At the Games for the past two years, the points-per-place has been modified to award points in descending order based on place, with the high score winning (in contrast to the open and regionals, where the actual ranking is added up and the low score wins). In addition, the Games scoring system has wider gaps between places toward the top of the leaderboard. In my opinion, this is an improvement over the traditional points-per-place system because it gives more weight to the elite performances. However, I think we can do a little better.

First, here is my rationale for why

*we*

*should*have wider gaps between the top places. If you look at how the actual results of most workouts are distributed, you'll see the performance gaps are indeed wider at the top end. The graph below is a histogram of results from Men's Open WOD 12.3 last year:

There are fewer athletes at the top end than there are in the middle, so it makes sense to reward each successive place with a wider point gap. However, the same thing occurs on the low end, with the scores being more and more spread out. But the current Games scoring table does not reflect this - the gaps get smaller and smaller the further down the leaderboard you go (the current Open scoring system obviously has equal gaps throughout the entire leaderboard).

Now, another issue with the current Games scoring table is that it's set up to handle only one size of competition (the maximum it could handle is around 60). So let's try to set up a scoring table that will address my concern about the distribution of scores but can be used for a comeptition of any size (even the Open).

Obviously, the pure points-per-place system used in the Open will work on a competition of any size, but what is essentially does is assume we have a uniform distribution of scores. Basically, the point spread between any two places is the same regardless of where you fall in the spectrum. So what happens is the point difference between 100 burpees and 105 burpees becomes much wider than the gap between 50 and 55 or 140 and 145. So my suggestion is this: let's use a scoring table that ranges from 0-100 but reflects a normal (bell-shaped) distribution rather than a uniform (flat) distribution. The graph below shows that same histogram of WOD 12.3 (green), along with a histogram of my suggested scores (red) and a histogram of the current open points (blue). The scale is different on each histogram, but there are 10 even intervals for each, so you can focus on how the shapes line up.

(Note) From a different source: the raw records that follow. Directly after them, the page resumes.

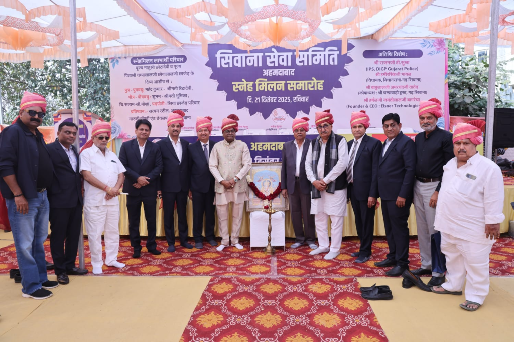 अहमदाबाद । राजस्थान प्रान्त के गढ़सिवाना नगर के जैन समाज के प्रवासी बंधुओ के संगठन सिवाना सेवा समिति का वार्षिक स्नेहमिलन गांधीनगर स्थित महावीर जैन आराधना केन्द्र , कोबा तीर्थ में रविवार को (दि.,21.12.25) आयोजित हुआ जिसमे प्रवासियों ने उत्साह व उमंगपूर्वक भाग लिया।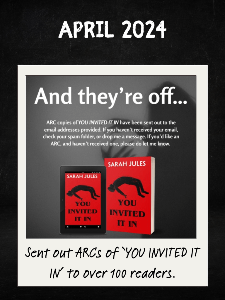 I sent off advanced reader copies (ARCs) of ‘You Invited It In’ to over 100 readers in April. I’ve written a few blog posts about how I launched ‘You Invited It In’. I’d learned a lot from previous book launches, and also from fellow authors. I think the way I launched YIII made a huge difference to sales and visibility.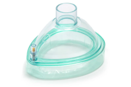 A single use PVC anesthetic face mask with adjustable cushion.
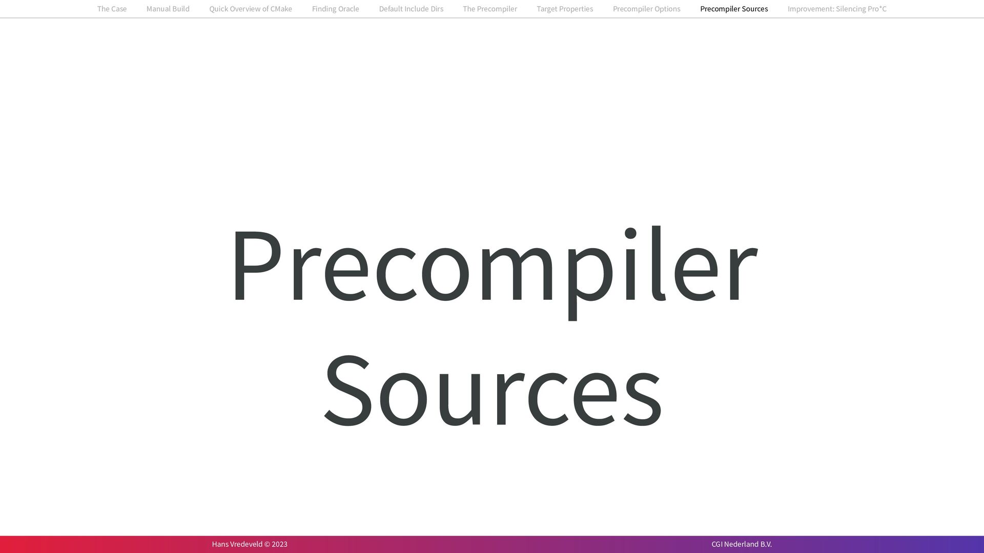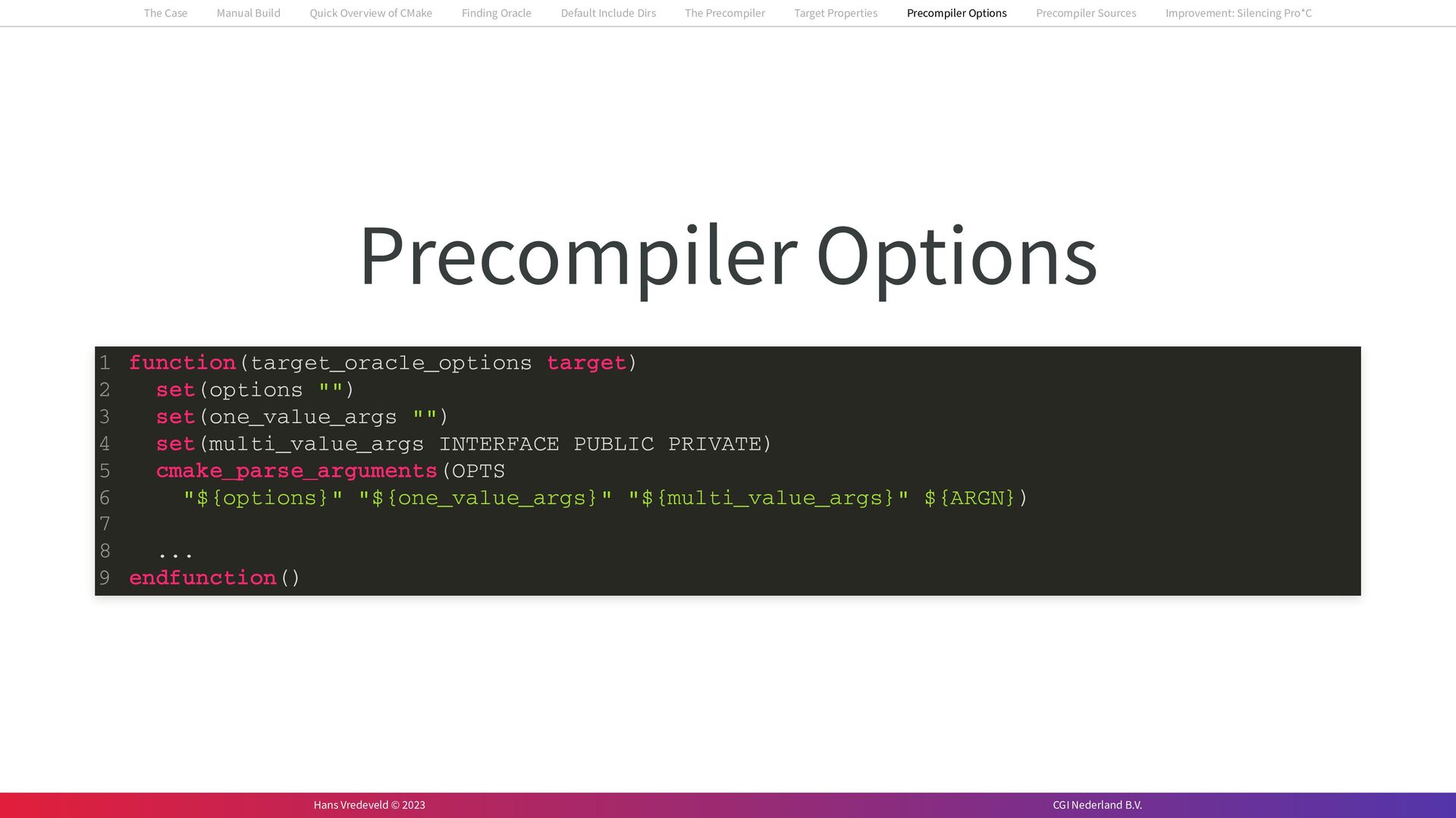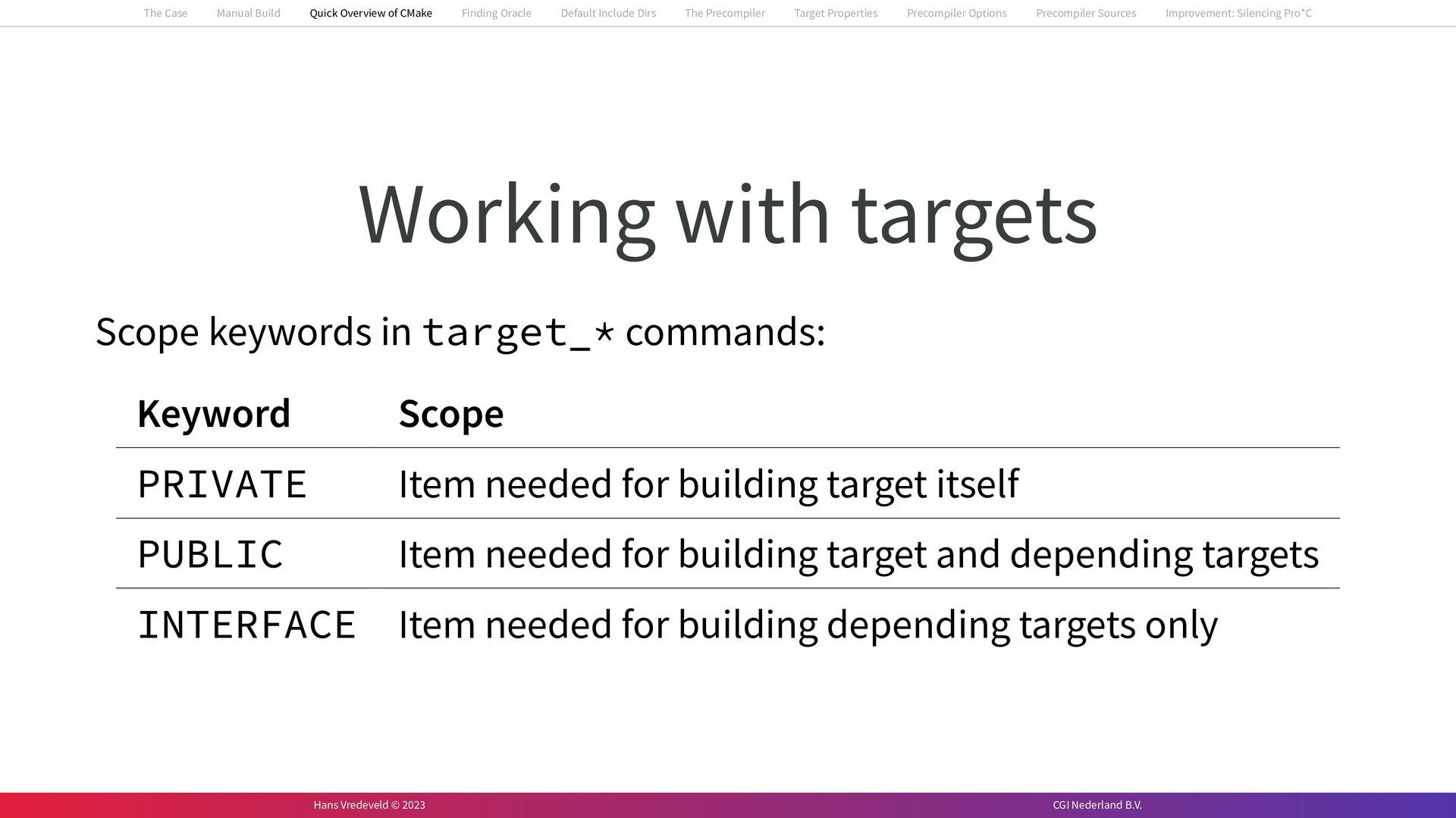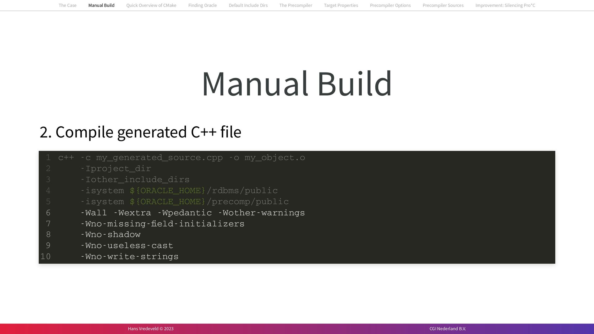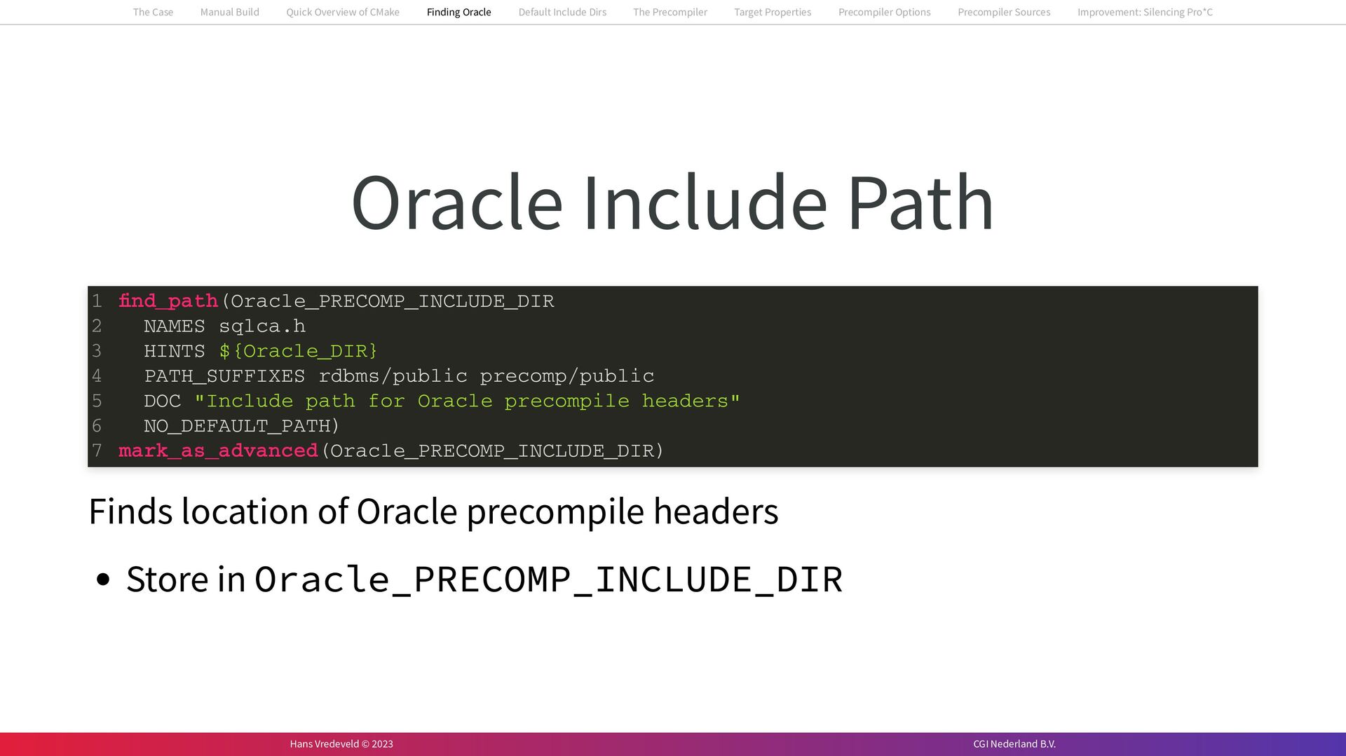 In the case study, we will look at a C++-application that uses embedded SQL to talk to an Oracle SQL-database. To build the application, it needs to link against Oracle’s client library, and the files with embedded SQL need to be converted to pure C++ before they can be compiled. How can we find that library when there is no CMake module for it yet? (We write our own!) How can we execute Oracle’s preprocessor to convert files with embedded SQL in a structured way when there are tens, or hundreds, of those files, possibly spread over different CMake targets? Come to my talk and I will tell you.

You can see that the points awarded with the proposed system are much more closely aligned with the actual performances than the current system. And this was done without using the actual performances themselves - I just assumed the distribution of performances was normal and awarded points, based on rank, to fit the assumed distribution.

Now, you may be asking, how well does this distribution fare when we limit the field to only the elite athletes? Well, the shape does not tend to match up as well as we saw in the graph above. Part of this is due to the field simply being smaller, so there is naturally more opportunity for variance from the expected distribution. However, for almost every event in last year's Games, there is no question that the normal distribution is a better fit than the current Games scoring table. The chart below shows a histogram the actual results from the men's Track Triplet along with the distribution of scores using the proposed scoring table and the current scoring table. I have displayed the distribution of scores from the scoring table with lines rather than bars to make the various shapes easier to discern.

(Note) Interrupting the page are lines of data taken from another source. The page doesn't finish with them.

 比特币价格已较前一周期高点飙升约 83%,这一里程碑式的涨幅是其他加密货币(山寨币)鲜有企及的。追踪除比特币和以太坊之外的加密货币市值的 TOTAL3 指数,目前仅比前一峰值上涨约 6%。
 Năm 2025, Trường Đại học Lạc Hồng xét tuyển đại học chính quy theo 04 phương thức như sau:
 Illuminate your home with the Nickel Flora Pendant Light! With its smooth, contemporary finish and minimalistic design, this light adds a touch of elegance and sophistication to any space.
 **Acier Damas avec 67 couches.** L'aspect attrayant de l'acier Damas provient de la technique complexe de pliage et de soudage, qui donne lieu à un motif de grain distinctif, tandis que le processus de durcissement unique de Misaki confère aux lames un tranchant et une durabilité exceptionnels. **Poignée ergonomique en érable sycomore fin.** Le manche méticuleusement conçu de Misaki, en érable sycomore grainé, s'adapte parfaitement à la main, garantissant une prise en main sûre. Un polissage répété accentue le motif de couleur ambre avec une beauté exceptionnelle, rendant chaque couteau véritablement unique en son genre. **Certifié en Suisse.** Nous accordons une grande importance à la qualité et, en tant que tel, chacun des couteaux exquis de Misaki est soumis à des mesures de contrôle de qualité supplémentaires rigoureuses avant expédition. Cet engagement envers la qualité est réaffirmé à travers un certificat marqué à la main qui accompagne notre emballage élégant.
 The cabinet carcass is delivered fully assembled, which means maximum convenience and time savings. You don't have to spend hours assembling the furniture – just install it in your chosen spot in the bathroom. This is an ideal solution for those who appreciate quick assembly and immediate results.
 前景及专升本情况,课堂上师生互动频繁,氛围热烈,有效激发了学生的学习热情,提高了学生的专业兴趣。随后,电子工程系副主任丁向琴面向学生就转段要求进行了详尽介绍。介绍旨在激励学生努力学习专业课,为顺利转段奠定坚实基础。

As stated above, we do not perfectly match the actual distribution of results. But clearly the actual results are better modeled with the normal distribution than with the current scoring table. As further evidence, the R-squared between the actual results and the proposed scoring table is 96.0%; the R-squared between the actual results and the current scoring table is only 83.9%. If we make this same comparison for each of the first 10 events for men and women (excluding the obstacle course, which was a bracket-style tournament), the R-squared was higher with the proposed scoring table than with the current table, with the exception of the women's Medball-HSPU workout.

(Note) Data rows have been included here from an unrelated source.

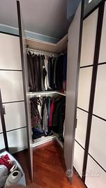 Grande armadio angolare 9 ante. Color panna con rifiniture in legno scuro. Diversi scompartimenti, cassetti e aste appendiabiti.
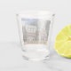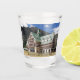 Shot glass that features a scenic photo image of the beautiful, chalet style Prince of Wales Hotel, located in Waterton Lakes National Park, Alberta, Canada. A great barware and travel souvenir gift idea!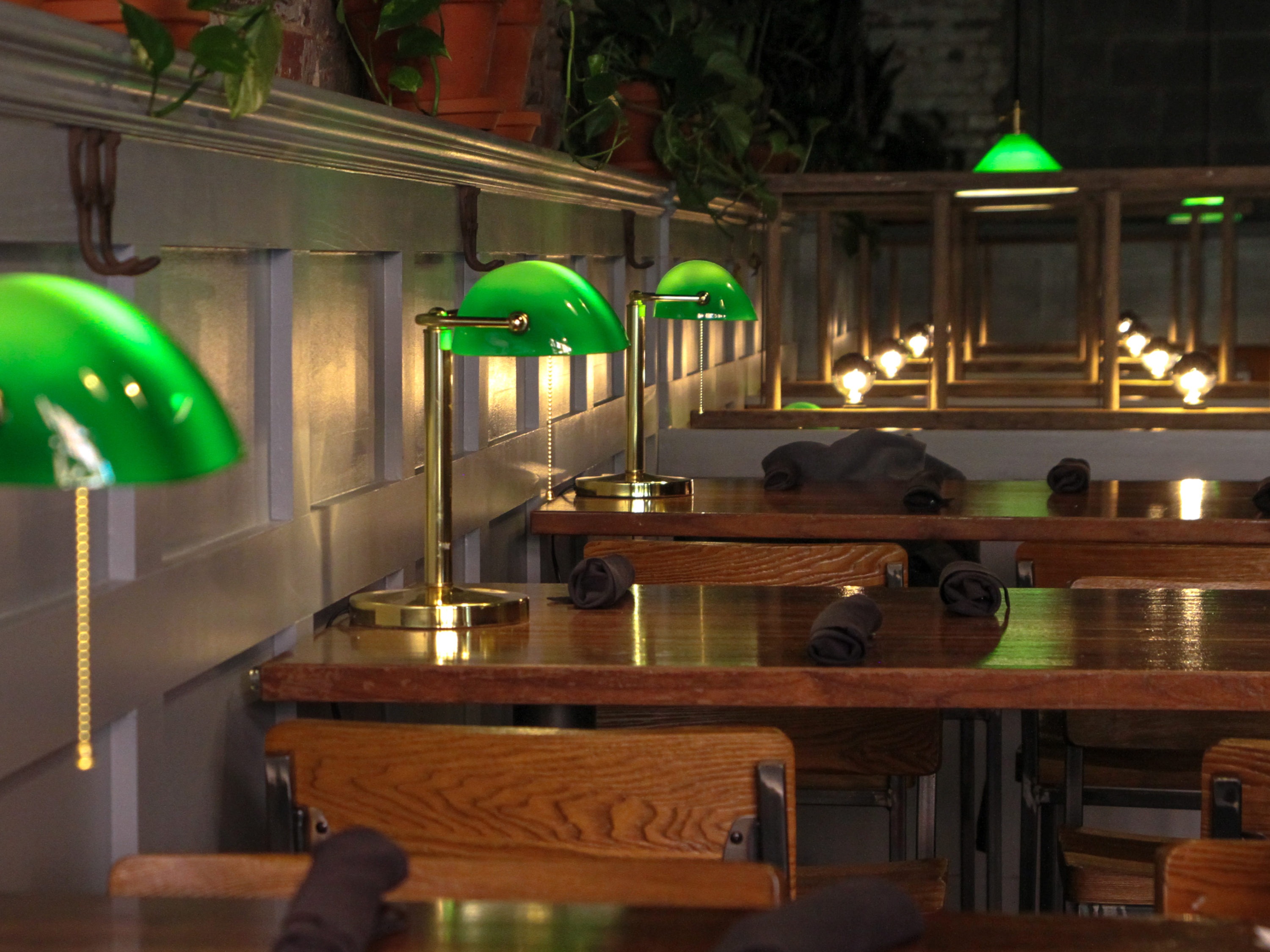 He added some touches to brighten up the space, too, like green desk lamps at the tables and hanging overhead. “I’m wondering if people in D.C. who work at a law firm or at a place that has banker lights at their jobs are going to dislike them because they remind them of work,” says Bernel, who says he selected them because his dad had one just like them on his desk.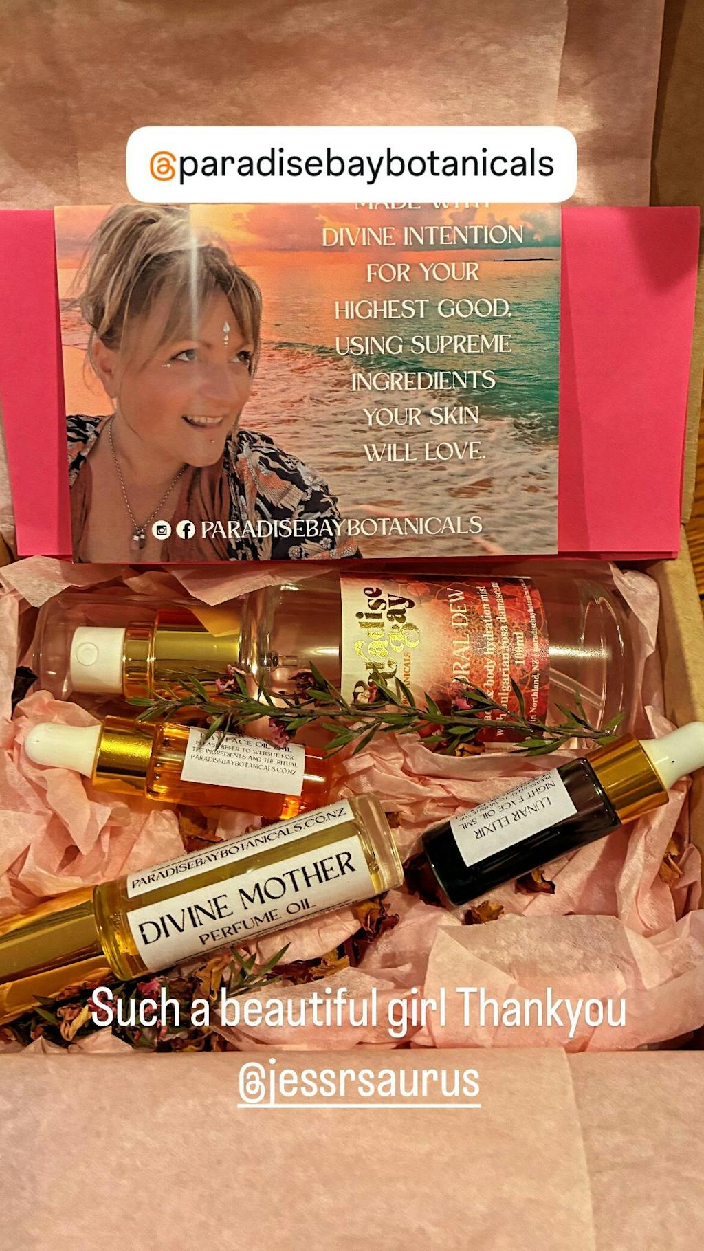 My daughter surprised me with a Mothers Day Gift Box that contained The beautiful floral Dew Spritz Spray. The Lunar Night Face oil . The solar serum Day Face Oil. And the Devine mother perfume oil. Oh my goodness. I have never felt so self indulged. The fragrances are rich and deep and heavenly. My old lady skin feels soft and plumped. I love that all the products come in glass. I love that the founder lives right here in whangarei. Well done Jasmine. Will definitely be recommending your products to everyone 🩵

I believe this proposed system, while not radically different than our current system, would be an improvement but would not have any of the same issues that concerned HQ about the standard deviation system. While the math used to set up the scoring system may be difficult for many to digest, that's all done behind the scenes and the resulting table is no more difficult to understand than the current Games scoring table, especially if we round all scores to the nearest whole number. If used in the Open, we'd almost certainly have to go out to a couple decimal places, but I think otherwise this system would work fine. And since we are still basing the scores on the placement and not the actual performance, this system also does not allow, as Tony said, "outliers in a single event [to] benefit tremendously." It does, however, reward performances at the top end (and punish performances at the low end) more than the current system.

I appreciate the fact that Tony took the time to review my prior work, and I hope that he and HQ will consider what I've proposed here.

*Below is the actual table (with rounding) that would be used in a field of 45 people (men's Games this year), compared with the current system.

**MATH NOTE: In case you were wondering, here is the actual formula I used in Excel to generate the table:

POINTS = normsinv(1 - (placement / total athletes) + (0.5 / total athletes)) * (50 / normsinv(1 - (0.5 / total athletes)) + 50

This first part gives us the expected number of standard deviations from the mean, given the athlete's rank. Next we multiply that by 50 and divide by the expected number of standard deviations from the mean for the winner (this will give the winner 50 points and last place -50 points). Then we add 50 to make our scale go from 0-100.

Hi Anders,

ReplyDeleteI have been trying to reproduce exactly your table in excel. I get 164 points for the winner instead of 100. We are designing a competition and would like to try your formula. Could you please post exactly the excel forumala so that I can copy and paste it?

Euan,

ReplyDeleteThanks for giving this method a shot. Be sure to let me know how it works out for you. I'm guessing you may have had a parenthesis in the wrong spot when you converted the formula to Excel. Anyway, here is one way to do it in Excel:

In column A, starting on row 1, make a list of places from 1st through last in ascending order. Make sure not to have anything else in column A.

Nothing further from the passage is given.